Although Cecil B. DeMille is the personality most often associated with the success of Lux Radio Theater, the host who led the show to its only first place finishes was DeMille's replacement, director William Keighley who took over in 1945. Keighley led Lux to five consecutive seasons as Network Radio's most popular program from 1947 to 1952.
Unfortunately, the real hero of Lux Radio Theater's success never saw it happen. Danny Danker died in 1944 at the young age of 41.
1 JACK BENNY Years Broadcast: 1932-1955 966 Points
Seasons Ranked: 21 Top 100 Seasons: 21 Top 50 Seasons: 21 Top Ten Seasons: 19
Highest Season Rank: 1st, (4), 1936-37, 1939-40, 1940-41, 1952-53.
Highest Season Rating: 35.0, 1934-35. Highest Monthly Rating: 42.3, Apr 1935. Months Rated Number One: 36.
"Well!" Well Done. Jack Benny, (fka Benny Kubelsky), was a vaudeville headliner appearing in Earl Carroll's Vanities on March 29, 1932, when New York Daily News columnist Ed Sullivan invited him to appear on his WABC quarter-hour. Benny's first words were a tip-off to his on-air persona that would debut in May: "Ladies and Gentlemen, this is Jack Benny talking. There will be a slight pause as you say, 'Who cares?"
As it turned out, millions of listeners did care over the next 21 seasons. They cared for Benny and his troupe of put-down artists - his wife, a black valet figure, an Irish tenor, a boozy bandleader, a hefty announcer and numerous comic actors. They cared enough to push his shows for General Foods and American Tobacco into the Annual Top Ten for 19 consecutive seasons, 16 of them in the Top Five. Further, Jack Benny was the only personality to score a Number One season in all three decades of Network Radio's Golden Age. He planted his flag on Sunday night at 7:00 and never moved it in his travels over Blue, (1934-36), NBC, (1936- 48), and CBS, (1948-55) and an encore two seasons of recorded repeats.

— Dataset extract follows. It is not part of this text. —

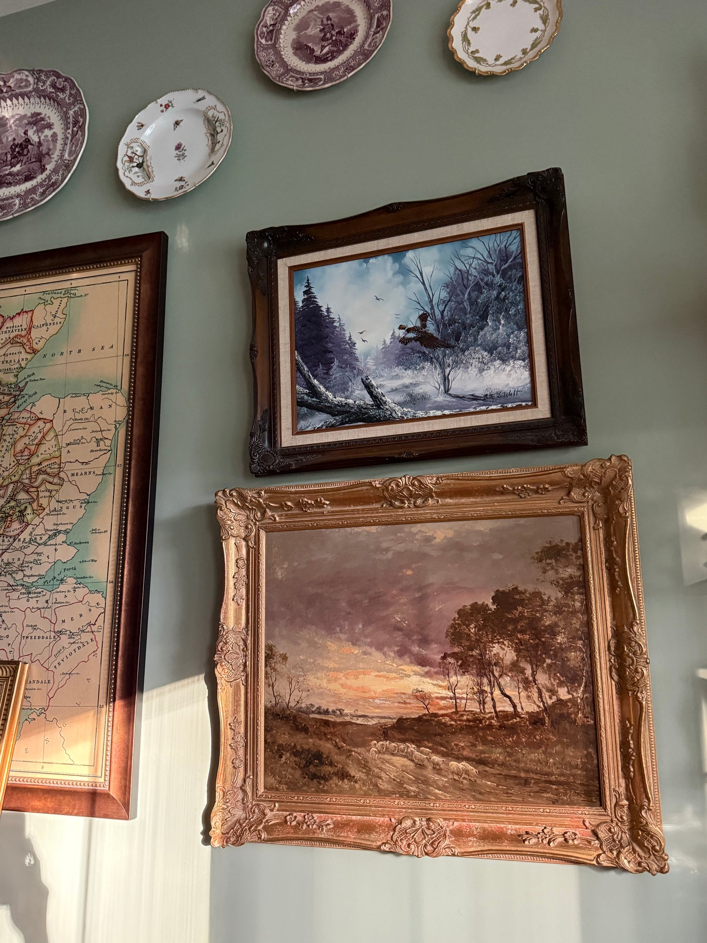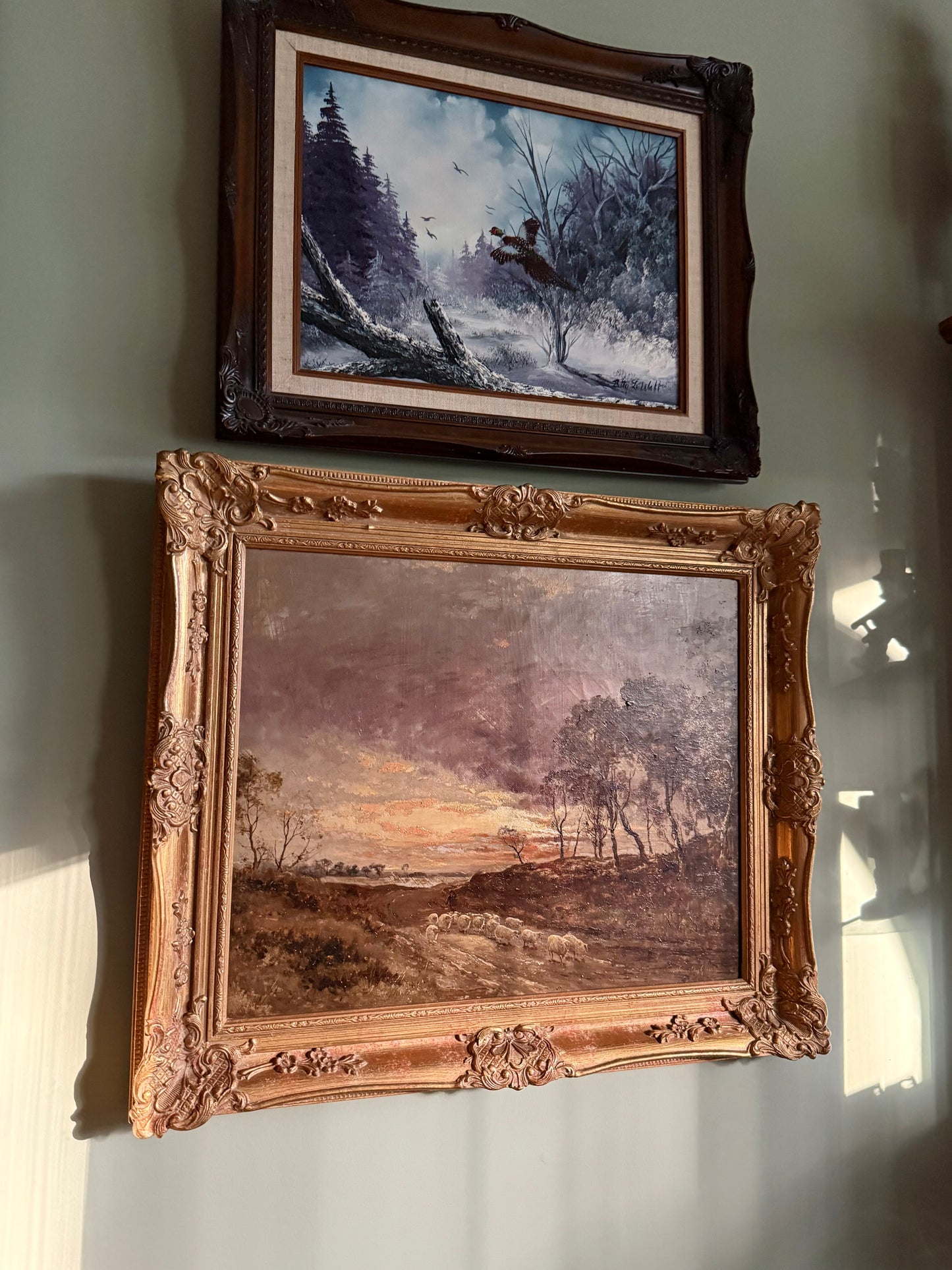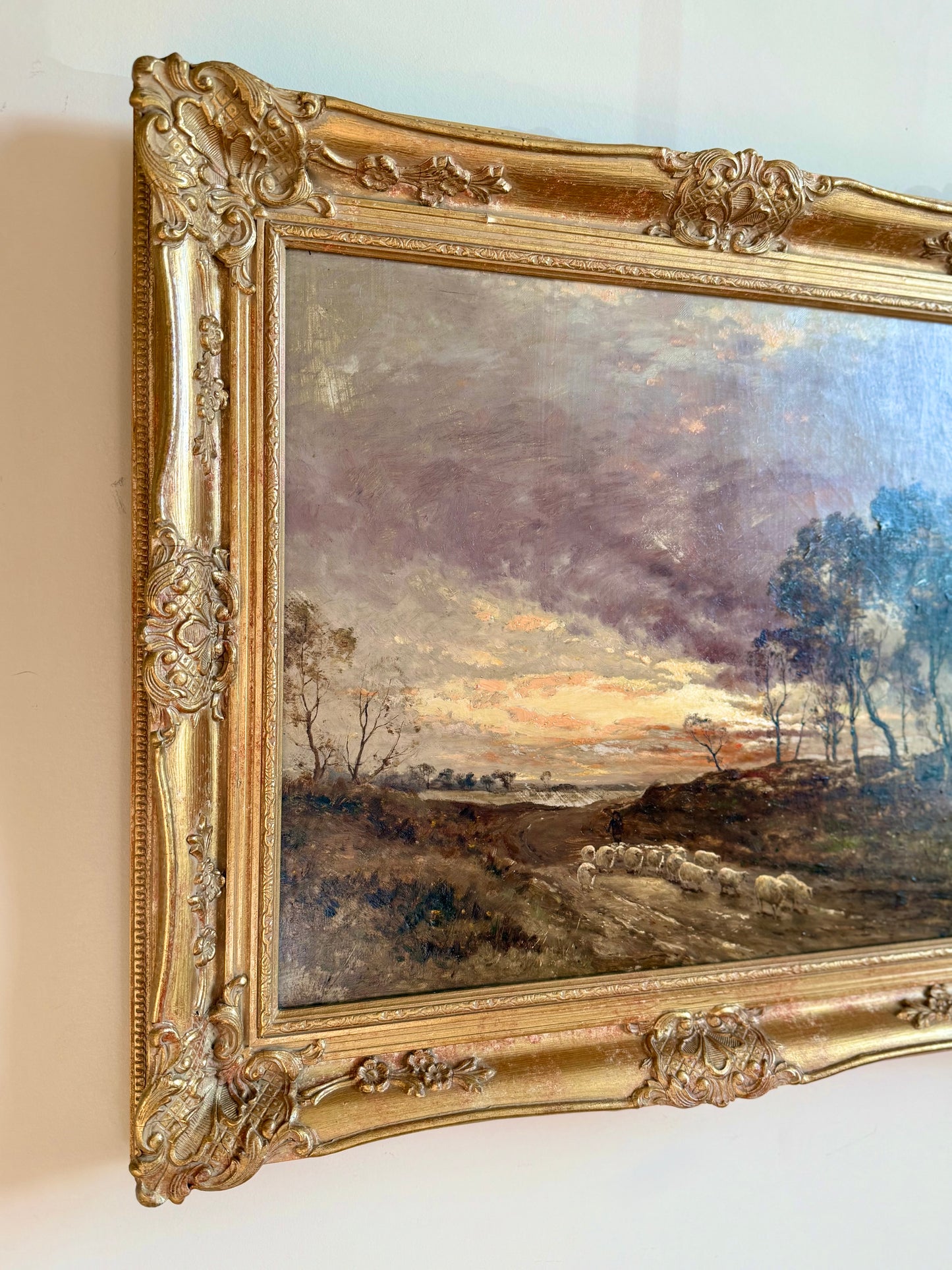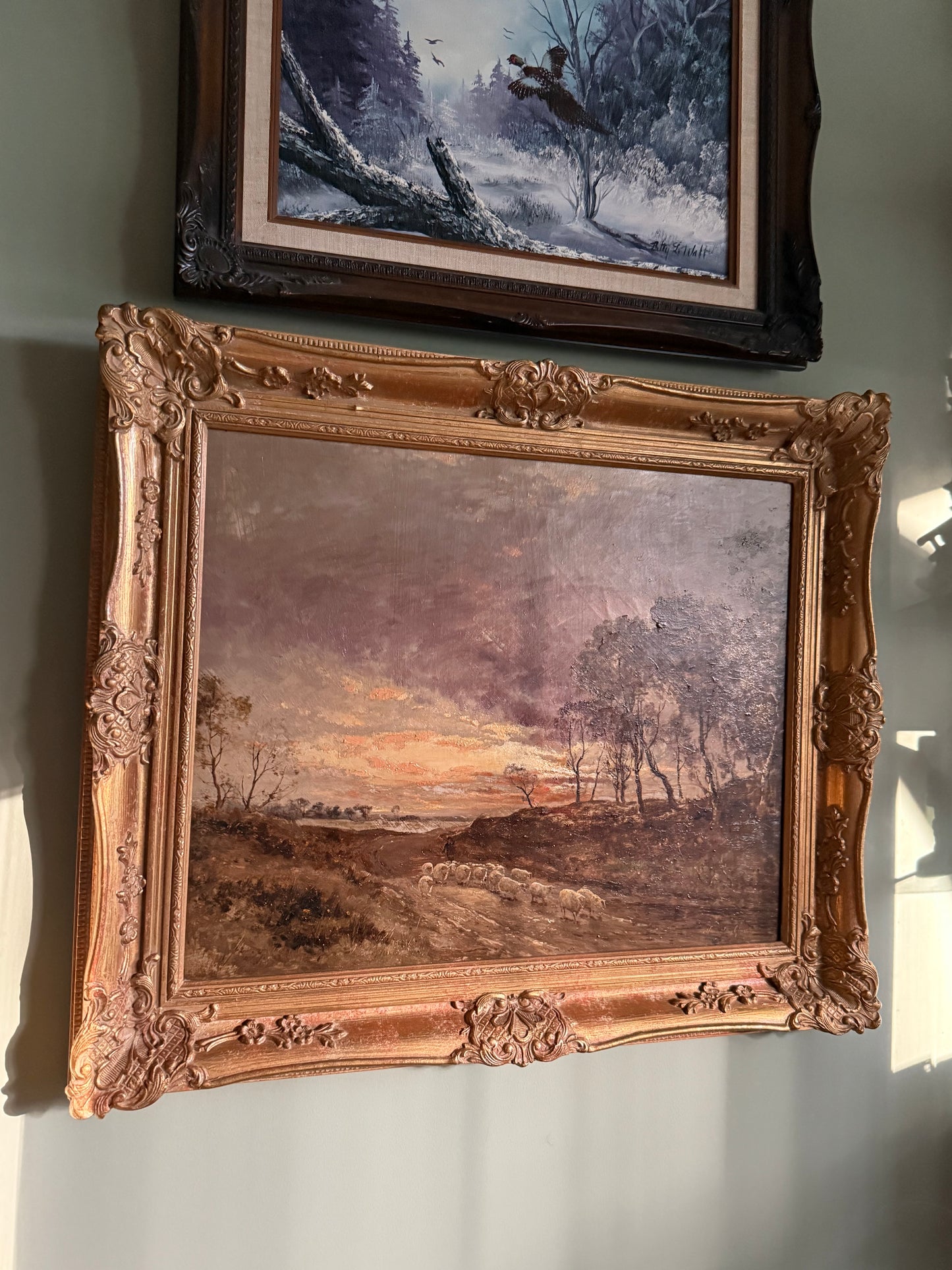 Exhibited at the Royal Academy London between 1840-1859, this beautiful oil painting depicts a landscape with a dramatic sky, as sheep are shepherded across the moorland. This piece is one of our favorites offered at Bonnie Braes. Stunning sunset purple hues across the sky bring warmth to any space; a sentimental nod to Scotland in Your Home.

All the while Benny portrayed a cheap, egotistical, vain, narcissist loudmouth who was oblivious to his faults or what others thought about him. It was the antithesis of Benny's true personality, but he played the part so well that audiences loved him for it.
Benny told New York Daily News columnist Ben Gross in 1952: "I may not be the world's greatest comedian, but I am one of its most successful performers. And I have an explanation for this success. In the first place, I work closely with my writers, who are good ones. But the one factor which is more important is that I'm a damned good editor."

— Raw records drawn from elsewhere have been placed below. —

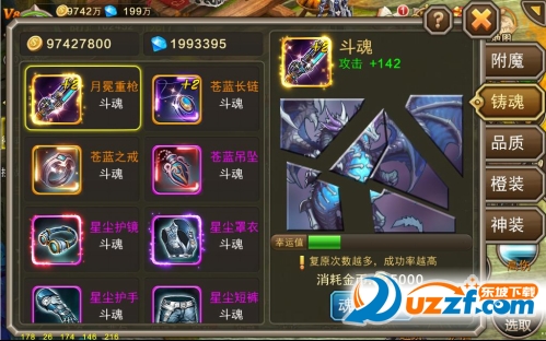 一种提升属性的有趣玩法,花费金币激活魂片,并使魂片成功复原,即可获得大量的属性奖励并且进入下一铸魂阶段。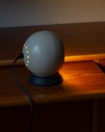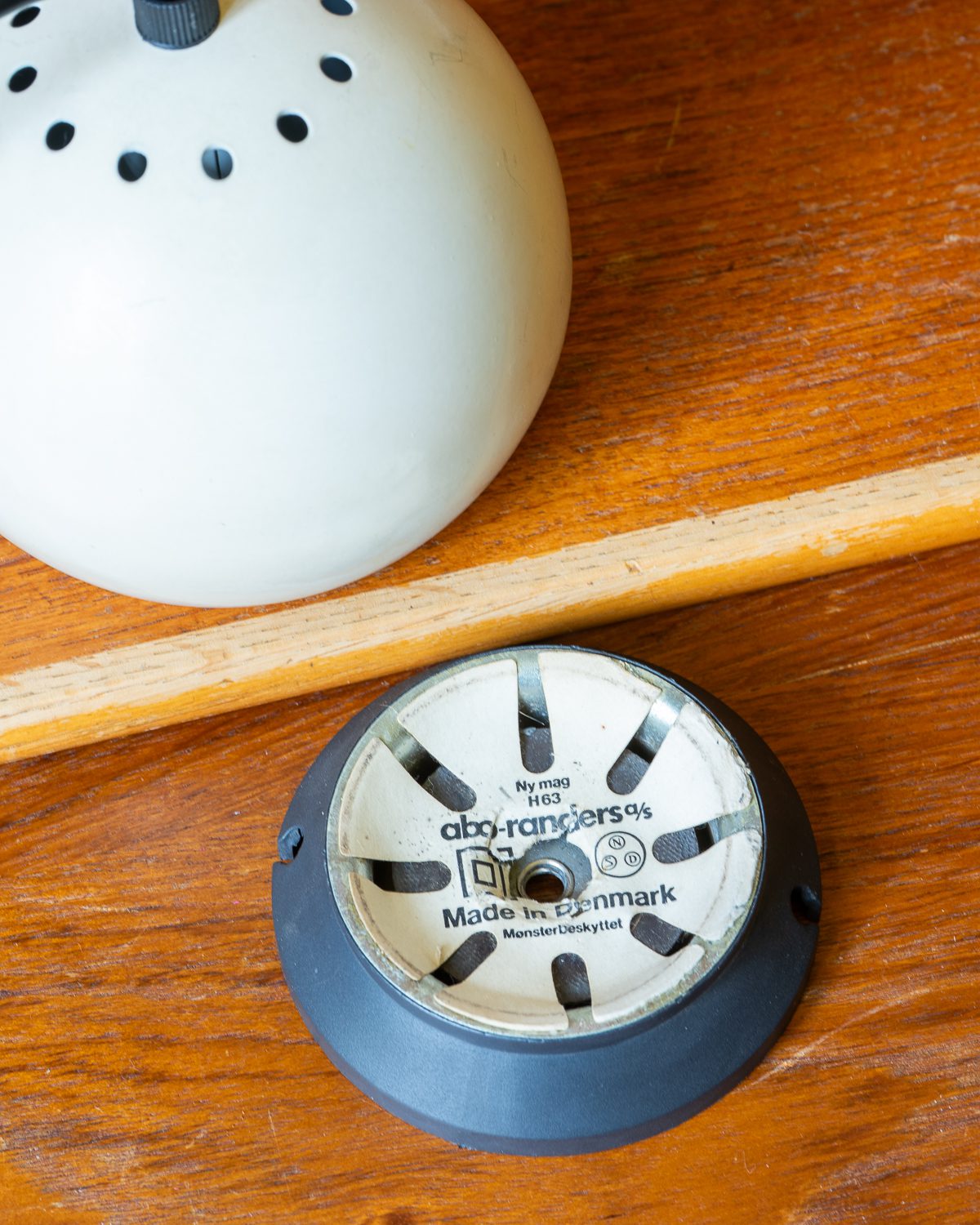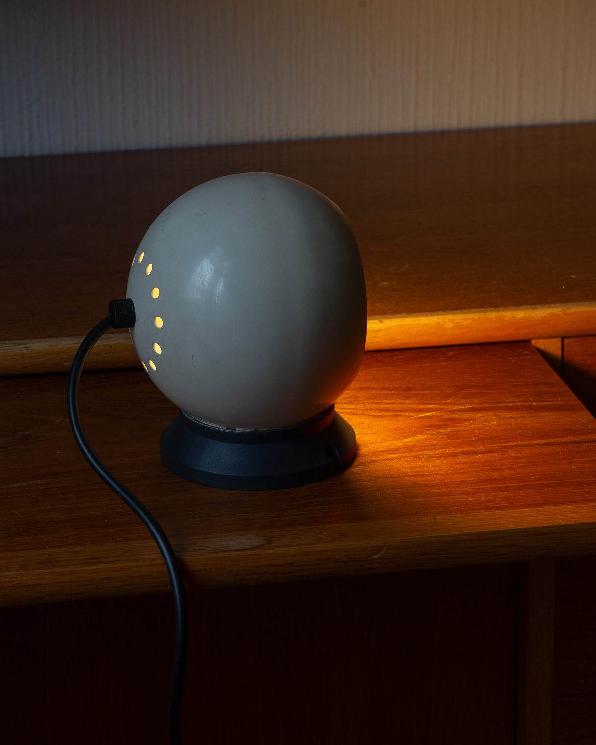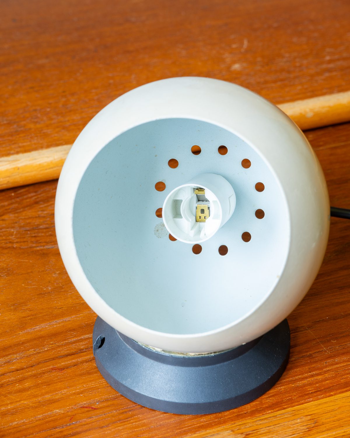Metal wall lamp with a magnetic mount that allows you to easily direct the light. Manufacturer Abo Randers, Denmark 1960s-70s. The lamp is intended as a wall lamp, but its shape also makes it suitable as a table lamp. There are a few scratches on the surface of the lamp. The lamp has a switch.
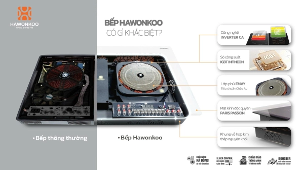 So sánh bếp từ Hawonkoo và bếp thông thường. Khám phá hệ thống an toàn IGBT Đức, công nghệ Inverter CA tiết kiệm điện và chính sách bảo hành 36 tháng vượt trội của Hawonkoo.
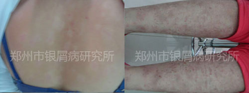 患者初诊时,全身多处泛发皮损,尤其是腿部,皮损严重

That becomes obvious when hearing Benny in GOld Time Radio posts: Sunday At Seven, Benny's Double Plays, Lucky Gets Benny, The Feud1, The Feud2, Your Money Or Your Life, and seeing him in Mr. Allen Meets Mr. Benny. Another key factor to the program's success was entire ensemble's keen sense of timing which included silent pauses that often brought hilarious results.

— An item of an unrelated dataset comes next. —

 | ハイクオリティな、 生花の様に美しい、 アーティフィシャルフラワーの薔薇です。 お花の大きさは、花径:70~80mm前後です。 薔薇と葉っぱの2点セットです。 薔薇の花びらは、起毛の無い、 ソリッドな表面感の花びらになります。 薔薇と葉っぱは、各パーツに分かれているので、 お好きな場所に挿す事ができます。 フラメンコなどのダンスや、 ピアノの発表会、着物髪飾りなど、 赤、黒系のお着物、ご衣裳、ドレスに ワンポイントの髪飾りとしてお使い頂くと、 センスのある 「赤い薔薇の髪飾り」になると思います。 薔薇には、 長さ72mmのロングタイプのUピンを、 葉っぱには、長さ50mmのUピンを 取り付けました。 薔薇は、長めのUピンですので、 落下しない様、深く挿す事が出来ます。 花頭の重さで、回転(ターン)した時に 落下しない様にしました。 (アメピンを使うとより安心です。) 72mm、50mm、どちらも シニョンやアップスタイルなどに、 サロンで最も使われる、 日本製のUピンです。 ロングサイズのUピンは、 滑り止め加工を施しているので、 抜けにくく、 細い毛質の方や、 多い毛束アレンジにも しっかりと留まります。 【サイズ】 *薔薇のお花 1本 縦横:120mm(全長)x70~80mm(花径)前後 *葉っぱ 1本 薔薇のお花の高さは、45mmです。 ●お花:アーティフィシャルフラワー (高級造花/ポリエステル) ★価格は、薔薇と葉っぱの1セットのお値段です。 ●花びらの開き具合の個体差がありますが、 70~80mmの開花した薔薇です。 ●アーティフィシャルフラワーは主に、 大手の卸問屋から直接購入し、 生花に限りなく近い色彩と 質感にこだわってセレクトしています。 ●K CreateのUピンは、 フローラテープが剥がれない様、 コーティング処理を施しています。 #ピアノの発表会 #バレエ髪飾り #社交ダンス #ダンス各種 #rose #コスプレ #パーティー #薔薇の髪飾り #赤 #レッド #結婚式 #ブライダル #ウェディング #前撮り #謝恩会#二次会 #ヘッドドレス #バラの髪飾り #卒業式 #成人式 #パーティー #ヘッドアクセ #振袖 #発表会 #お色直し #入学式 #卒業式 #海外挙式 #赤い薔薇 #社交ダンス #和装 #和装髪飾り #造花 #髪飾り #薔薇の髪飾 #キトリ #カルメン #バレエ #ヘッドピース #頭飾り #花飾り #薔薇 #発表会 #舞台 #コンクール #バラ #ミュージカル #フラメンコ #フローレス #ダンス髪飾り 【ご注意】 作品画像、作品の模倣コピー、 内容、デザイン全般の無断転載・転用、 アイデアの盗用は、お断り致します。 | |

Add to this Benny's running gags built around his personality, his ancient Maxwell automobile, his sub-basement vault, his polar bear, (Carmichael), his long-suffering neighbors (the Ronald Colman's), and recurring characters played by Artie Auerbach, Bea Benaderet, Sara Berner, Joe Besser, Mel Blanc, Andy Devine, Verna Felton, Joe Kearns, Sheldon Leonard, Eddie Marr, Frank Nelson and others.
The wide array of sidebar situations and characters provided a field day for Benny's writers, Harry Conn, (1932-36), Bill Morrow & Ed Beloin, (1937-43), and Sam Perrin, Milt Josephberg, George Balzer & John Tackaberry, (1944-55). And of course there was the comedian himself, who admitted to being, ",,,a damned good editor."